Since the beginning of the year the price of oil resumed its upward trend. Will this rally continue? Or will oil prices come down soon? What could explain the recent rise in oil prices? Let’s examine the recent developments in the oil market.

During February (up to date), the price of oil inched down by 0.5%; United States Oil (NYSEMKT: USO), by 0.3%. Despite this modest fall, since the beginning of the year prices of oil increased by 5.6%. United States Oil also rose by 6%.

The rise in the oil prices coincided with the recovery of leading oil and gas companies such as Chevron (NYSE: CVX). This company stock rose by nearly 7.5% (year-to-date). The linear correlation between the stock of Chevron and the daily changes in the price of oil reached 0.57 during 2012-2013. This correlation implies (assuming linearity and normality of figures) that the recovery of oil price could explain nearly 33% of Chevron's stock volatility.

This relation should be taken with a grain of salt, but it does suggest that if the price of oil will continue to rise, assuming all things being equal, the value of Chevron will augment (based on DCF valuation). During 2012, this company's revenues fell by 5%. Part of the drop in revenues is related to the decline in the price of oil during the year by 7%. If the price of oil will remain higher than in 2012, it could pressure up Chevron's stock price. Let's analyze the recent developments in the oil market.  

Storage

During January and February, the U.S. Petroleum and oil stockpiles fell by 7.2 million barrels; it reached 1,791 million barrels by Feb. 8. The current oil stockpiles are 40.3 million barrels above the storage during the same week in 2012. The recent drop in storage suggests the oil market is tightening up. Moreover, the linear correlation between the shifts in stockpiles and oil prices is mid-strong and negative at -0.2. This relation could mean if oil stockpiles will continue to decline, oil prices may further rise.

Supply

From the supply standpoint, according the recent EIA report, the U.S oil imports fell during January and February by almost 2%; as of Feb. 8 it was also 11.5% lower than the same week in 2012.

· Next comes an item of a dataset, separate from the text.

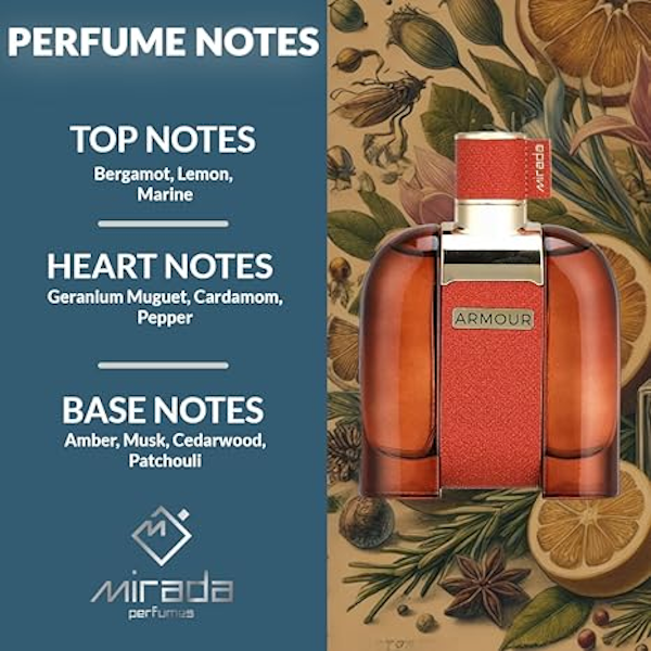 Es una cautivadora mezcla de notas refrescantes y especiadas, diseñada para evocar confianza y sofisticación. Elaborado como un perfume, cada pulverización te envuelve en su abrazo encantador, garantizando un aroma que cautiva a quienes te rodean. Las notas de salida de bergamota , limón y notas marinas crean una salida fresca y nítida, mientras que el corazón introduce calidez y especias con geranio , muguete , cardamomo y pimienta . Finalmente, las notas de fondo de ámbar , almizcle , madera de cedro y pachulí proporcionan una base rica y terrosa, convirtiendo a Armour en una fragancia audaz y duradera que deja una huella imborrable. Esta composición única la convierte en la fragancia perfecta para el hombre seguro de sí mismo, listo para afrontar cualquier reto.

Refinery inputs also sharply declined during the month by 5.9% and were 0.4% lower than last year. The drop in imports and refinery inputs could have contributed to the recent rally in oil prices during recent weeks. The weekly changes in imports and refinery inputs tend to be negatively correlated with oil prices. Therefore, if imports and refinery inputs will continue to fall, this could suggest oil prices will further rise. 

Despite the recent drop in refinery inputs, major refineries stocks such as Valero Energy (NYSE: VLO) and Marathon Petroleum (NYSE: MPC) have spiked since the beginning of the year -- shares of Valero spiked by 38.4% (year-to-date); shares of Marathon Petroleum, by 20.2%.

Oil price's rise may have helped pull up the value of these companies. Further, if oil prices will remain higher than in previous years, it could augment these companies' operating profits and free cash flow.

These companies' free cash flow remained positive during the first nine months of 2012: Marathon's free cash flow (FCF) reached $1.4 billion; Valero Energy's FCF was $2.5 billion. This allowed these companies to improve their financial situation by repaying debt or by buying back stocks. Valero Energy paid back during 2012 nearly $2.2 billion of its debt. Marathon repurchased $800 million of its stocks. Therefore, a rise in oil prices and refineries input could keep these companies on this path.

OPEC left its total production unchanged in recent months despite the tensions between Iran and the West. On the other hand, non-OPEC countries' production slightly declined during January. If the production won't increase in non-OPEC countries this could also contribute to the rise in oil prices. 

Demand

From the demand standpoint, the US economy has contracted in the last quarter of 2012: the GDP shrunk by 0.1%. Furthermore, the EU economy has also contracted during the fourth quarter of 2012 by 0.6%. The leading economies in the EU have also contracted: Germany's GDP fell by 0.6%; France's GDP, by 0.3%.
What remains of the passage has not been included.